Step 1 - Go to \<jenkins-url>/\<prometheus-metric-endpoint> Step 2 - Search for 'jenkins_node_builds' metric

Results

Expected result:

# HELP jenkins_node_builds Generated from Dropwizard metric import (metric=jenkins.node.builds, type=com.codahale.metrics.Timer)
# TYPE jenkins_node_builds summary
jenkins_node_builds{node="master",quantile="0.5",} 22.496242709
jenkins_node_builds{node="master",quantile="0.75",} 56.998456999000005
jenkins_node_builds{node="master",quantile="0.95",} 56.998456999000005
jenkins_node_builds{node="master",quantile="0.98",} 56.998456999000005
jenkins_node_builds{node="master",quantile="0.99",} 56.998456999000005
jenkins_node_builds{node="master",quantile="0.999",} 56.998456999000005
jenkins_node_builds_count{node="master"} 234.0

Actual result:

# TYPE vm_memory_pools_PS_Survivor_Space_committed_window_1h summary
vm_memory_pools_PS_Survivor_Space_committed_window_1h{quantile="0.5",} 7.2351744E7
vm_memory_pools_PS_Survivor_Space_committed_window_1h{quantile="0.75",} 1.24780544E8
vm_memory_pools_PS_Survivor_Space_committed_window_1h{quantile="0.95",} 1.74063616E8
vm_memory_pools_PS_Survivor_Space_committed_window_1h{quantile="0.98",} 1.91889408E8
vm_memory_pools_PS_Survivor_Space_committed_window_1h{quantile="0.99",} 1.92937984E8
vm_memory_pools_PS_Survivor_Space_committed_window_1h{quantile="0.999",} 1.92937984E8
vm_memory_pools_PS_Survivor_Space_committed_window_1h_count 5388.0
# HELP jenkins_node_docker_agent_11_builds Generated from Dropwizard metric import (metric=jenkins.node.docker-agent-11.builds, type=com.codahale.metrics.Timer)
# TYPE jenkins_node_docker_agent_11_builds summary
jenkins_node_builds{node="docker_agent_11",quantile="0.5",} 0.0
jenkins_node_builds{node="docker_agent_11",quantile="0.75",} 0.0
jenkins_node_builds{node="docker_agent_11",quantile="0.95",} 0.0
jenkins_node_builds{node="docker_agent_11",quantile="0.98",} 0.0
jenkins_node_builds{node="docker_agent_11",quantile="0.99",} 0.0
jenkins_node_builds{node="docker_agent_11",quantile="0.999",} 0.0
jenkins_node_builds_count{node="docker_agent_11"} 0.0
# HELP jenkins_plugins_failed Generated from Dropwizard metric import (metric=jenkins.plugins.failed, type=jenkins.metrics.impl.JenkinsMetricProviderImpl$22)
# TYPE jenkins_plugins_failed gauge
jenkins_plugins_failed 0.0
# HELP vm_count Generated from Dropwizard metric import (metric=vm.count, type=com.codahale.metrics.jvm.ThreadStatesGaugeSet$$Lambda$201/1006609823)
# TYPE vm_count gauge
vm_count 238.0
Waschndolos commented 3 years ago

We ran into the same issue. Our Telegraf agent now doesn't collect any metrics from Jenkins. Anyone knows if there's a workaround for this?

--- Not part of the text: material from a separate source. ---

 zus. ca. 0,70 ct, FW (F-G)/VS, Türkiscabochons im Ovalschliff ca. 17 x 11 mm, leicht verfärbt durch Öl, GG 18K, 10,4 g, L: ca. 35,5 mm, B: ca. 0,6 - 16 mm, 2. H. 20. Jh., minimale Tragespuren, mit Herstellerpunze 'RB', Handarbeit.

fatmcgav commented 3 years ago

Another :+1: for this issue... We use one-shot workers, so these metrics are of no use to us...

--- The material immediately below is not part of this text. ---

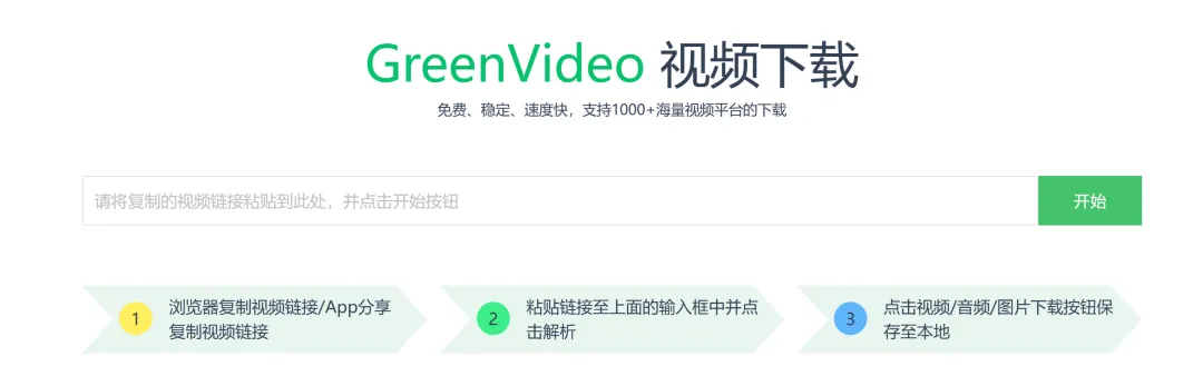 GreenVideo 是一个完全免费、无次数限制的在线视频下载工具,支持 B站、抖音、YouTube、TikTok、Instagram 等 1000+ 视频平台,粘贴链接即可解析下载,无需安装任何软件。

Would be great if had the option to disable them...

Waschndolos commented 3 years ago

Had a quick look on it but no time. Guess the fix is somewhere in org.jenkinsci.plugins.prometheus.service.DefaultPrometheusMetrics#collectMetrics. The DropwizardExports returns multiple metrics like jenkins.node..builds and for each one a # HELP and # TYPE is generated. As the org.jenkinsci.plugins.prometheus.util.MetricsFormatter#formatMetrics renames them then we get multiple "jenkins_node_builds" with {node=xxx} but the #HELP and #TYPE stay in the list.

Waschndolos commented 3 years ago

Is somebody working on this? I just tried to point to the issue but I have no knowledge how this should work. Would be nice to have a solution soon because our Jenkins monitoring is broken since then.

Sukiyakijango commented 3 years ago

still no fix or workaround for this issue :( keeeping us blinde to issue in our jenkins

markjacksonfishing commented 3 years ago

Please use latest version

Waschndolos commented 3 years ago

Correct me if I'm wrong but prometheus:2.0.10 is the latest version right? Which is the version we're all using.